Data excerpts
====

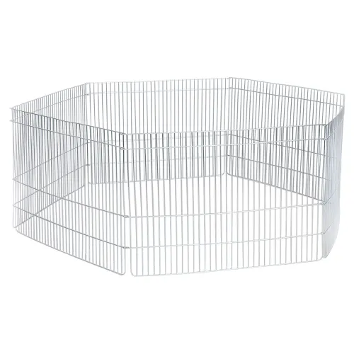Міні-вольєр виготовлений із металу з використанням сучасних європейських технологій оцинкування. Цинкове покриття захищає метал від корозії, забезпечує довговічність та довгий привабливий зовнішній вигляд клітини. Це робить вольєр надійним рішенням для тривалого використання як у приміщенні, так і на вулиці.
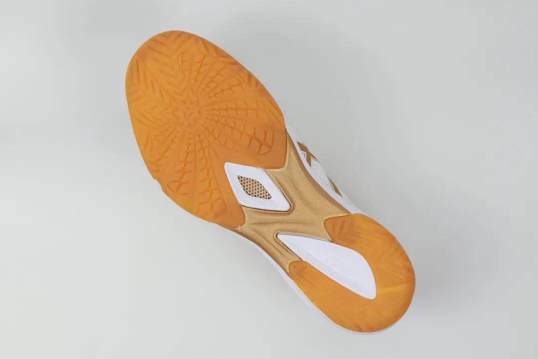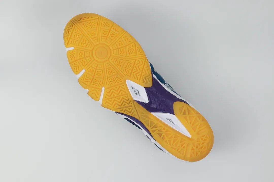當然,作為一款乒乓球鞋,鞋底才能算上是球鞋的“靈魂”。Bladelyte 4在鞋底方面雖然依舊采用分離式大底設計,但是在紋路走勢方面卻有不小的變化。在前腳掌部位的紋路上, Bladelyte 4將拇指球安置在了腳掌中心,并向四周發(fā)散人字型防滑紋,每條防滑紋的角度都不一樣,能夠有效強化前腳掌在蹬地時各個部位的抓地效果,需要留意的是防滑紋的紋路并不算深,在單點蹬地、碎步調(diào)整上依舊保持著較為靈活的腳感。而在后腳掌紋路的設計中,防滑紋的走勢有些鞋面式的網(wǎng)狀風格,但是紋路要比前腳掌更為深邃,止滑效果更為顯著。
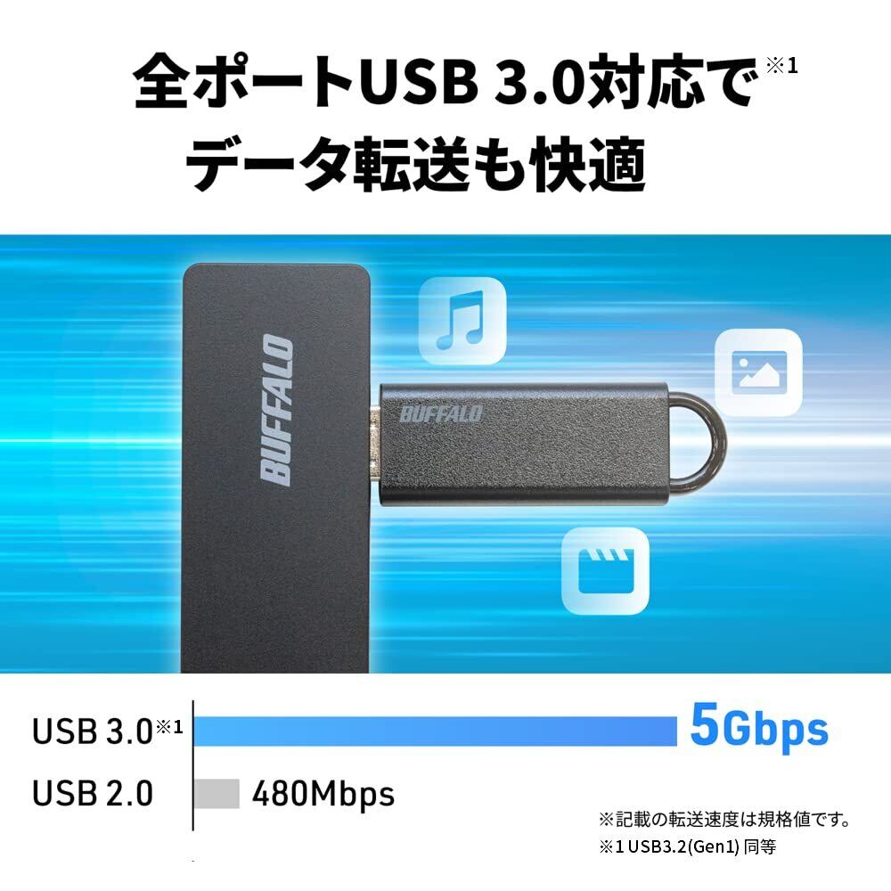 バッファロー USB ハブ USB3.0 スリム設計 4ポート バスパワー 軽量 Windows Mac PS4 PS5 Chromebook 対応 テレワーク 在宅勤務 BSH4U125U3BK
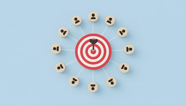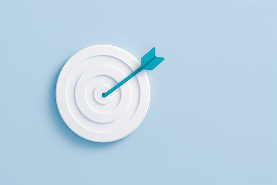 3D Bullseye Target with Teal Arrow on Light Blue
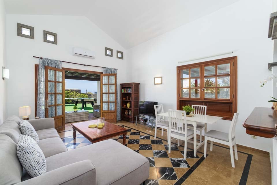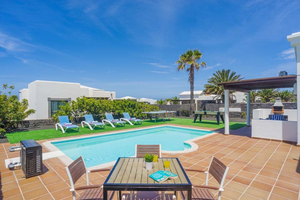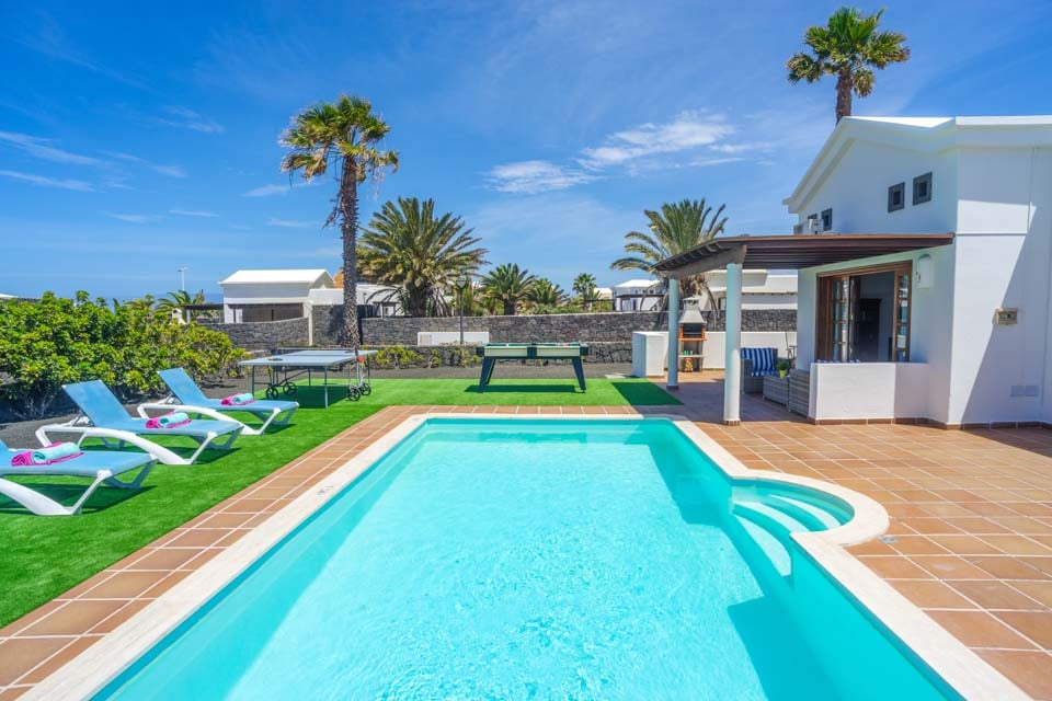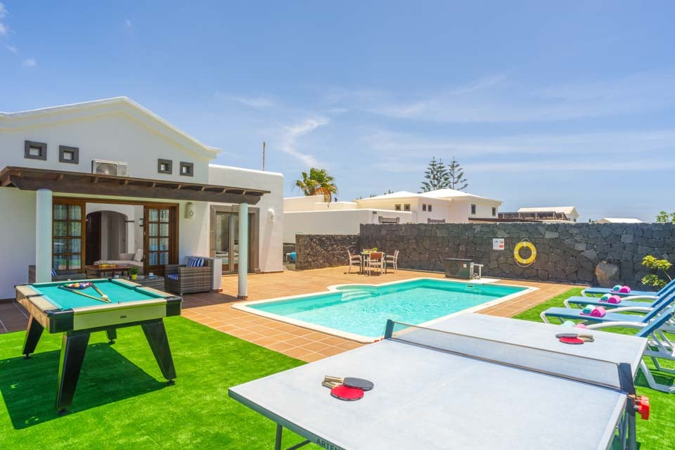 Villa Faroles is ideaal voor stellen en kleine gezinnen die op zoek zijn naar een rustige locatie dicht bij de populaire kustplaats Playa Blanca. Deze typisch Canarische, witgekalkte woning is verdeeld over één verdieping en heeft twee slaapkamers. Gasten worden verwelkomd in een open woon- en eetkamer met uitzicht op een volledig uitgeruste keuken. De ruimte baadt in het natuurlijke licht dankzij de openslaande deuren naar het overdekte terras en de tuin, waar gasten kunnen genieten van de warme zon. Er is een tafeltennistafel voor een leuke wedstrijd, terwijl de ouders een feestmaal bereiden op de barbecue. En natuurlijk is er een uitnodigend zwembad om in te spetteren of de hele middag te luieren!

====

• WHAT TO PRODUCE
Please print the entries above exactly. Skip every picture.

• THE COMPLETED TASK
Міні-вольєр виготовлений із металу з використанням сучасних європейських технологій оцинкування. Цинкове покриття захищає метал від корозії, забезпечує довговічність та довгий привабливий зовнішній вигляд клітини. Це робить вольєр надійним рішенням для тривалого використання як у приміщенні, так і на вулиці.
當然,作為一款乒乓球鞋,鞋底才能算上是球鞋的“靈魂”。Bladelyte 4在鞋底方面雖然依舊采用分離式大底設計,但是在紋路走勢方面卻有不小的變化。在前腳掌部位的紋路上, Bladelyte 4將拇指球安置在了腳掌中心,并向四周發(fā)散人字型防滑紋,每條防滑紋的角度都不一樣,能夠有效強化前腳掌在蹬地時各個部位的抓地效果,需要留意的是防滑紋的紋路并不算深,在單點蹬地、碎步調(diào)整上依舊保持著較為靈活的腳感。而在后腳掌紋路的設計中,防滑紋的走勢有些鞋面式的網(wǎng)狀風格,但是紋路要比前腳掌更為深邃,止滑效果更為顯著。
 バッファロー USB ハブ USB3.0 スリム設計 4ポート バスパワー 軽量 Windows Mac PS4 PS5 Chromebook 対応 テレワーク 在宅勤務 BSH4U125U3BK
 3D Bullseye Target with Teal Arrow on Light Blue
 Villa Faroles is ideaal voor stellen en kleine gezinnen die op zoek zijn naar een rustige locatie dicht bij de populaire kustplaats Playa Blanca. Deze typisch Canarische, witgekalkte woning is verdeeld over één verdieping en heeft twee slaapkamers. Gasten worden verwelkomd in een open woon- en eetkamer met uitzicht op een volledig uitgeruste keuken. De ruimte baadt in het natuurlijke licht dankzij de openslaande deuren naar het overdekte terras en de tuin, waar gasten kunnen genieten van de warme zon. Er is een tafeltennistafel voor een leuke wedstrijd, terwijl de ouders een feestmaal bereiden op de barbecue. En natuurlijk is er een uitnodigend zwembad om in te spetteren of de hele middag te luieren!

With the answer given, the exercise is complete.